## INSTRUCTIONS FOR THE TASK
From the first line to the last, reproduce the records below exactly, omitting any picture.

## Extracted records
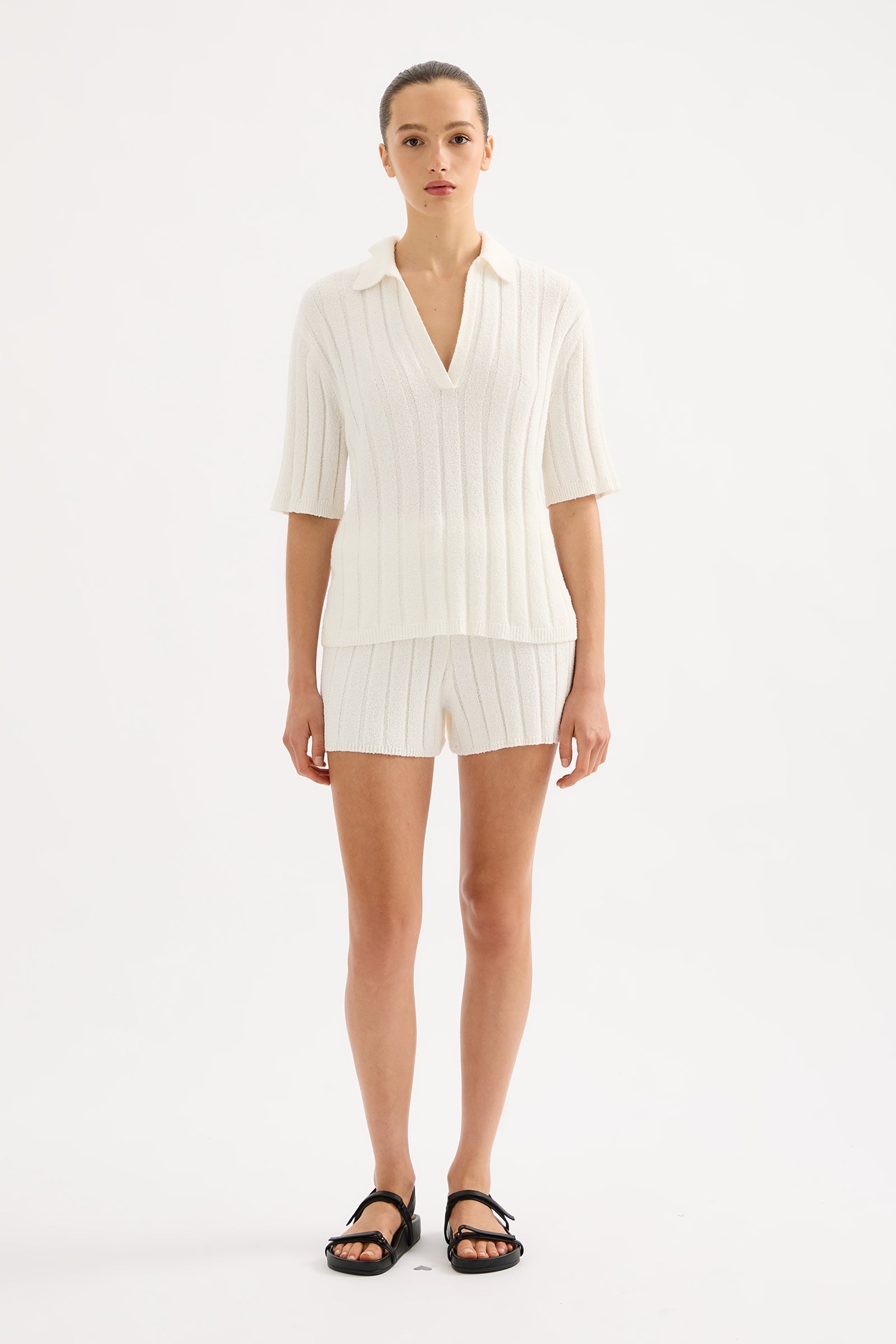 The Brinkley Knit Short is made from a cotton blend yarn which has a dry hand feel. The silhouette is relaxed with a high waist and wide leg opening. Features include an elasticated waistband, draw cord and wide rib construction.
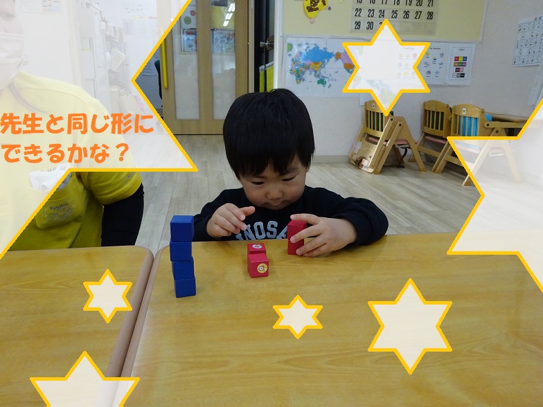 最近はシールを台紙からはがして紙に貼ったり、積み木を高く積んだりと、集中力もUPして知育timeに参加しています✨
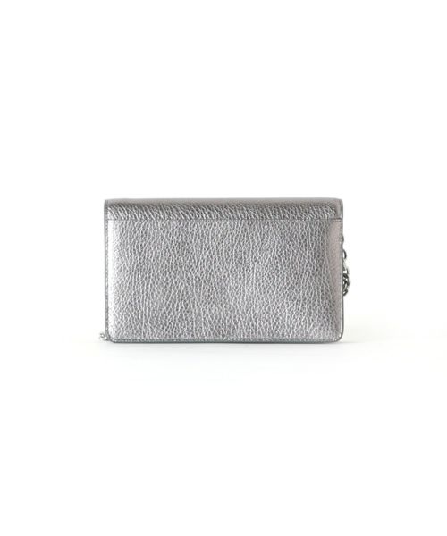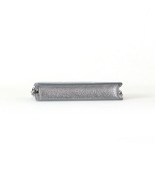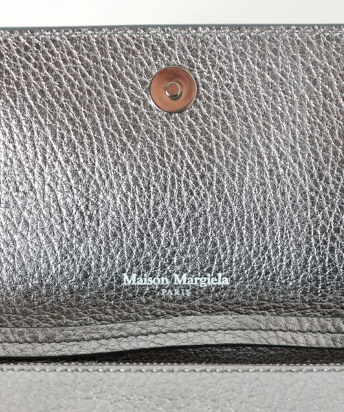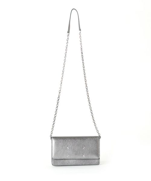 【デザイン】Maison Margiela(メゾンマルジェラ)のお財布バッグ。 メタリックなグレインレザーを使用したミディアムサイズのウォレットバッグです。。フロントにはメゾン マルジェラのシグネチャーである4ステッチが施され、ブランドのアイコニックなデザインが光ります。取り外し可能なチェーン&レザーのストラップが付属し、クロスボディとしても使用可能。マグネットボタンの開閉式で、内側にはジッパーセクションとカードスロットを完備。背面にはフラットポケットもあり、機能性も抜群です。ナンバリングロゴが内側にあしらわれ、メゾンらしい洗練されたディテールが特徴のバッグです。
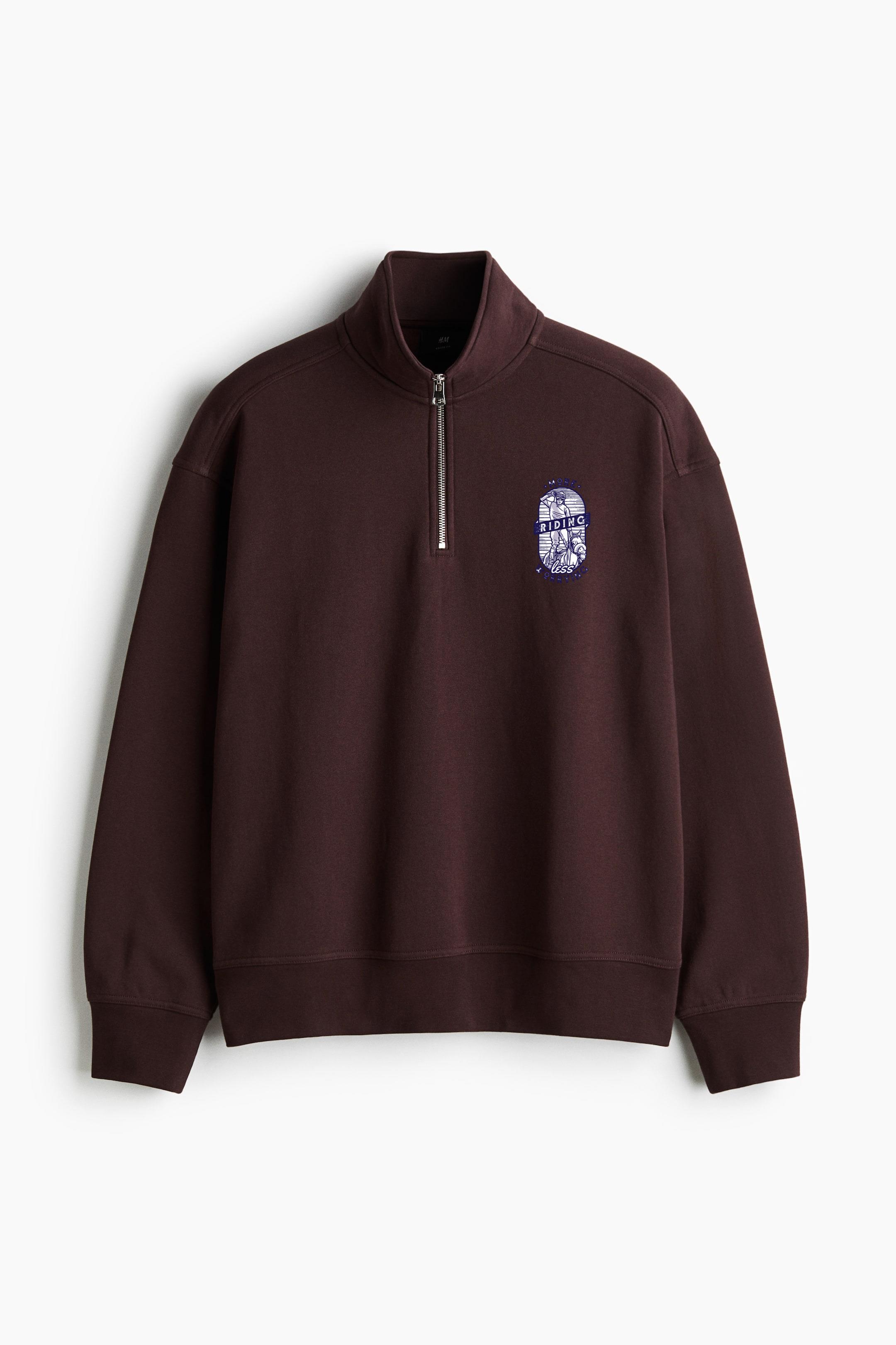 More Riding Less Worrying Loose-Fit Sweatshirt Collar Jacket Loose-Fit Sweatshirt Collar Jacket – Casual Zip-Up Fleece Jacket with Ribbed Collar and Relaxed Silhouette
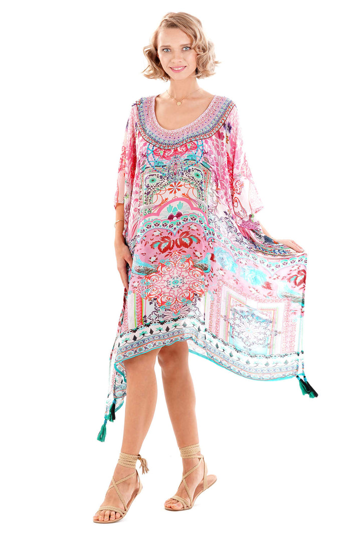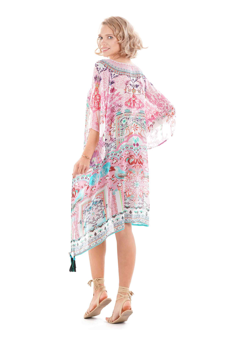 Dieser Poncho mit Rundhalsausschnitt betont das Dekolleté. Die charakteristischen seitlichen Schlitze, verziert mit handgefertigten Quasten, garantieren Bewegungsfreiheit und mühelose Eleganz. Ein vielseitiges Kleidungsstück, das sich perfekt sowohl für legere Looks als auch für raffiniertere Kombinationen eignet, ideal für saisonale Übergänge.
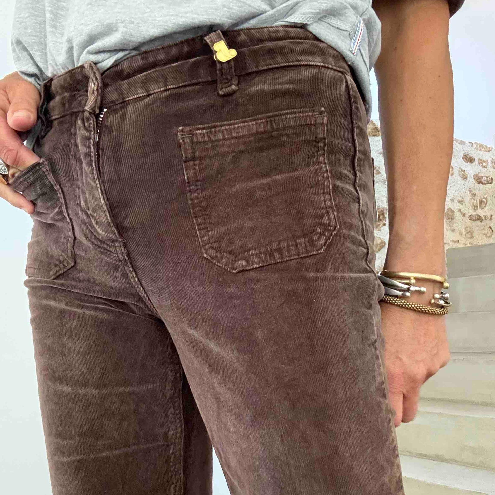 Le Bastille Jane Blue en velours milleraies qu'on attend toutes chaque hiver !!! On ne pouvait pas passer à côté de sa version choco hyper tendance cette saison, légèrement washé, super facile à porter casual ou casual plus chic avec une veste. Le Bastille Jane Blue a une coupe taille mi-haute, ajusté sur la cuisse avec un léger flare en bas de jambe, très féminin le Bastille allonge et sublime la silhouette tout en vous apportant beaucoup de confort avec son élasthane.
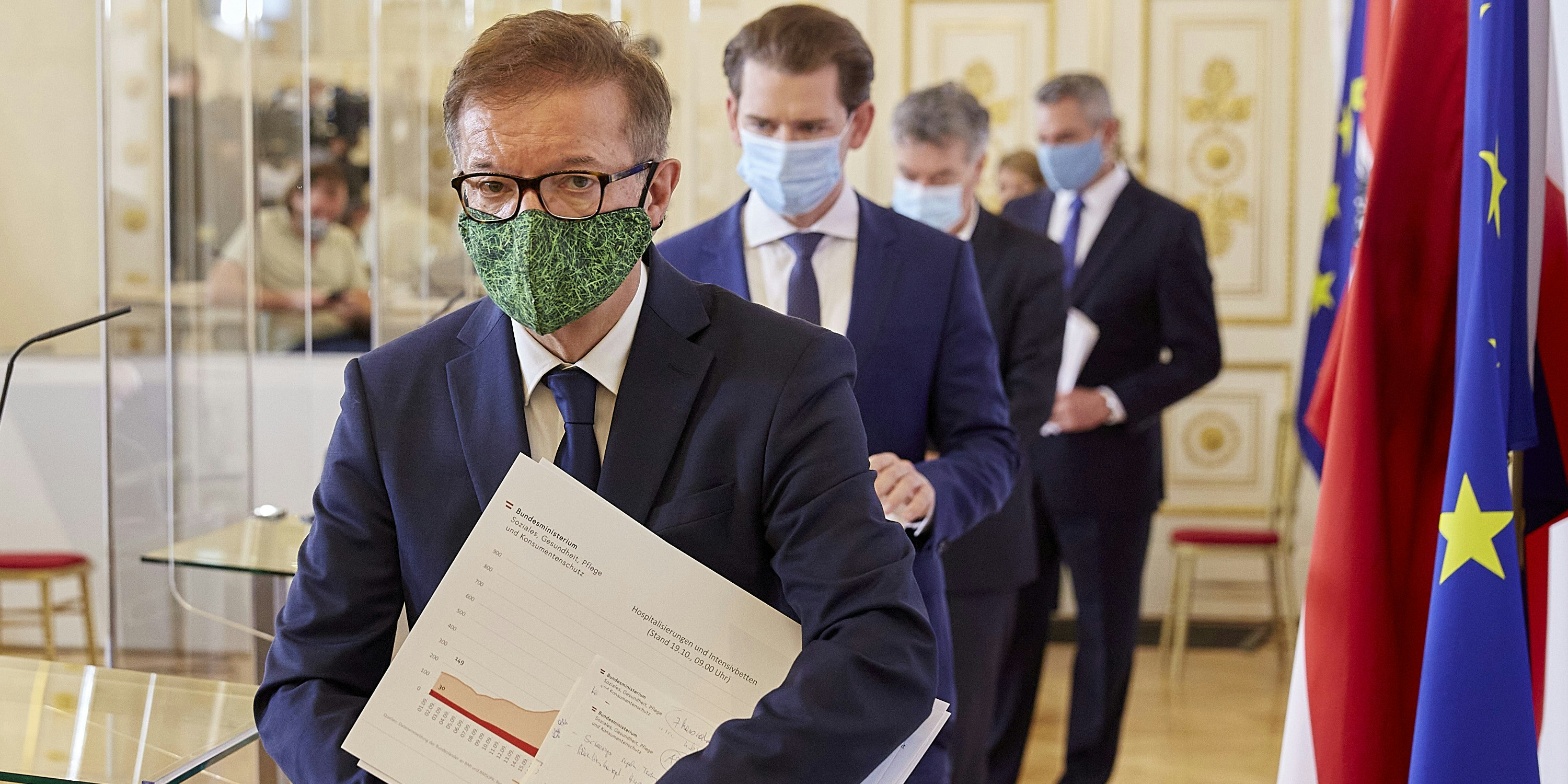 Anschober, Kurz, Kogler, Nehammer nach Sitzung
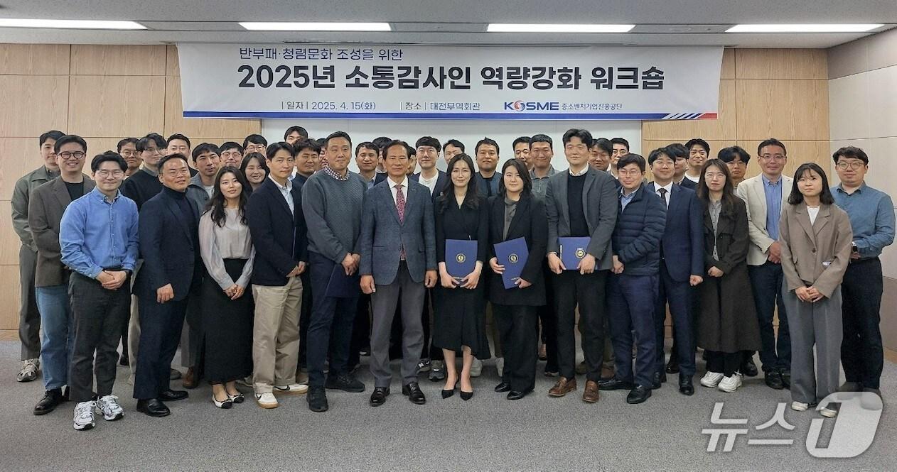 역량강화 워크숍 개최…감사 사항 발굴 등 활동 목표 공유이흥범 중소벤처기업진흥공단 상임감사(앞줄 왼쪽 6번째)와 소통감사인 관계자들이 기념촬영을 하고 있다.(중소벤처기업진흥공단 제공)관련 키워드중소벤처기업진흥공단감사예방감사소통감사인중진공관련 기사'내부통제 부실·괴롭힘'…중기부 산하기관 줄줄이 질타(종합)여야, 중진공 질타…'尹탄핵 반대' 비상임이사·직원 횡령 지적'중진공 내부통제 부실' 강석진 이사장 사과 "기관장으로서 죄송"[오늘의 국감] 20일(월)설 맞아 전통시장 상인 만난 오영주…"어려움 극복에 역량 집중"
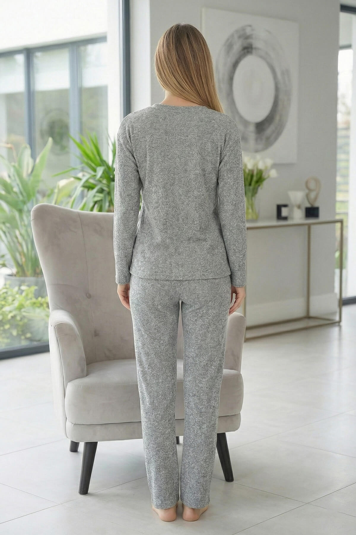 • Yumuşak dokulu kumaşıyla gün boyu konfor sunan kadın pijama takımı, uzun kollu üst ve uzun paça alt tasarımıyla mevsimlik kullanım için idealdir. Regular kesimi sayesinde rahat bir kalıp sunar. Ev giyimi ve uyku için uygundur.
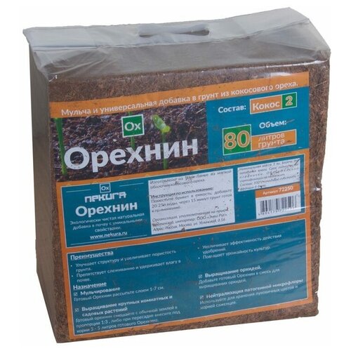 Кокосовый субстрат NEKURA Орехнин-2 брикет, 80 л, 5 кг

## ANSWER TO THE EXERCISE
 The Brinkley Knit Short is made from a cotton blend yarn which has a dry hand feel. The silhouette is relaxed with a high waist and wide leg opening. Features include an elasticated waistband, draw cord and wide rib construction.
 最近はシールを台紙からはがして紙に貼ったり、積み木を高く積んだりと、集中力もUPして知育timeに参加しています✨
 【デザイン】Maison Margiela(メゾンマルジェラ)のお財布バッグ。 メタリックなグレインレザーを使用したミディアムサイズのウォレットバッグです。。フロントにはメゾン マルジェラのシグネチャーである4ステッチが施され、ブランドのアイコニックなデザインが光ります。取り外し可能なチェーン&レザーのストラップが付属し、クロスボディとしても使用可能。マグネットボタンの開閉式で、内側にはジッパーセクションとカードスロットを完備。背面にはフラットポケットもあり、機能性も抜群です。ナンバリングロゴが内側にあしらわれ、メゾンらしい洗練されたディテールが特徴のバッグです。
 More Riding Less Worrying Loose-Fit Sweatshirt Collar Jacket Loose-Fit Sweatshirt Collar Jacket – Casual Zip-Up Fleece Jacket with Ribbed Collar and Relaxed Silhouette
 Dieser Poncho mit Rundhalsausschnitt betont das Dekolleté. Die charakteristischen seitlichen Schlitze, verziert mit handgefertigten Quasten, garantieren Bewegungsfreiheit und mühelose Eleganz. Ein vielseitiges Kleidungsstück, das sich perfekt sowohl für legere Looks als auch für raffiniertere Kombinationen eignet, ideal für saisonale Übergänge.
 Le Bastille Jane Blue en velours milleraies qu'on attend toutes chaque hiver !!! On ne pouvait pas passer à côté de sa version choco hyper tendance cette saison, légèrement washé, super facile à porter casual ou casual plus chic avec une veste. Le Bastille Jane Blue a une coupe taille mi-haute, ajusté sur la cuisse avec un léger flare en bas de jambe, très féminin le Bastille allonge et sublime la silhouette tout en vous apportant beaucoup de confort avec son élasthane.
 Anschober, Kurz, Kogler, Nehammer nach Sitzung
 역량강화 워크숍 개최…감사 사항 발굴 등 활동 목표 공유이흥범 중소벤처기업진흥공단 상임감사(앞줄 왼쪽 6번째)와 소통감사인 관계자들이 기념촬영을 하고 있다.(중소벤처기업진흥공단 제공)관련 키워드중소벤처기업진흥공단감사예방감사소통감사인중진공관련 기사'내부통제 부실·괴롭힘'…중기부 산하기관 줄줄이 질타(종합)여야, 중진공 질타…'尹탄핵 반대' 비상임이사·직원 횡령 지적'중진공 내부통제 부실' 강석진 이사장 사과 "기관장으로서 죄송"[오늘의 국감] 20일(월)설 맞아 전통시장 상인 만난 오영주…"어려움 극복에 역량 집중"
 • Yumuşak dokulu kumaşıyla gün boyu konfor sunan kadın pijama takımı, uzun kollu üst ve uzun paça alt tasarımıyla mevsimlik kullanım için idealdir. Regular kesimi sayesinde rahat bir kalıp sunar. Ev giyimi ve uyku için uygundur.
 Кокосовый субстрат NEKURA Орехнин-2 брикет, 80 л, 5 кг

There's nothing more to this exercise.